L.A. County to keep healthcare clinics open -- for now

Times Staff Writer

The Los Angeles County Board of Supervisors on Tuesday shelved at least temporarily a cost-cutting plan to shut all but one of the county’s healthcare clinics and reduce services at its six comprehensive outpatient health centers, ordering health executives instead to explore other ways to save money.

As healthcare advocates for the poor applauded, four of the five supervisors questioned whether the proposal would hurt the indigent and uninsured people who depend on the county for their healthcare and warned that private clinics might not have the ability to treat displaced patients.

Supervisor Don Knabe cautioned that the proposal could send thousands of patients to hospitals in search of care, potentially crippling an emergency room system that is chronically overcrowded.


“We should be opening more clinics instead of closing clinics,” Knabe said. “All you’re going to do is . . . overburden the emergency room system.”

County healthcare officials responded to the criticism by saying they would review alternatives to plug the health department’s budget deficit, which is expected to reach at least $195 million in the fiscal year starting July 1.

The department estimates that the shortfall could grow to as high as $1.6 billion within four years. The county blames the deficits on federal and state reimbursements failing to keep pace with healthcare costs for the indigent and uninsured.

In addition to calling for alternative budget-cutting plans, the board voted to hire independent experts to analyze the potential effect of reducing the county’s role in providing primary care.

Supervisor Zev Yaroslavsky also criticized healthcare officials for not proposing more cuts to administration and hospital costs. He said a county consultant had reported that Martin Luther King Jr. Multi-Service Ambulatory Care Center could operate with 200 fewer employees.

“There’s not the kind of urgency about some of these cuts that would cost nothing in terms of services,” Yaroslavsky said. “And yet here we have a proposal that appeared to many of us that it was going to cut services.”

Dr.
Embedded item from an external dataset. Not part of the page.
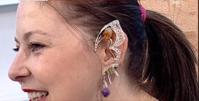 "Sunt cercei tip elf din noua mea colecţie, sunt din cristale naturale, neşlefuite, pentru ca energiile acestora să nu fie distruse. Colecţia o voi lansa pe 2 iulie, în parcul Carol," a mai spus Rita.

Bruce Chernof, the county’s director of health services, said after the board discussion that his department had already asked county hospitals to find $60 million in savings and planned to cut $20 million in administration costs.

“At the end of the day, it’s not fair to ask the facilities to save money and not expect the administrative side of the organization to do some of the work,” he said.

The clinic-closing plan was proposed to help balance the department’s books. Under the proposal, the county would close 11 of its dozen clinics and end primary care treatment at its comprehensive health centers. The clinics and comprehensive centers get about 400,000 primary care visits a year, most from uninsured patients.

County executives told the board that they never intended to cut services but rather to privatize the county’s clinics. The proposal would have saved the county $73 million a year but also involved spending $25 million of that on contracts with private nonprofit clinics to help provide services to displaced patients.

“We’re not cutting services,” County Chief Executive William T Fujioka told the board. “If we don’t make these changes, we know that this deficit, as bad as it is today, is only going to get worse.”

Supervisor Mike Antonovich defended the plan, saying there was no proof that it would result in reduced healthcare services for patients.

“You’re kind of shooting the messenger before us today,” he told his colleagues.

Some private clinic operators and their representatives told the board they were prepared to work with the county not only to help cut costs but also to improve care for the indigent. But some healthcare advocates warned against shutting county facilities.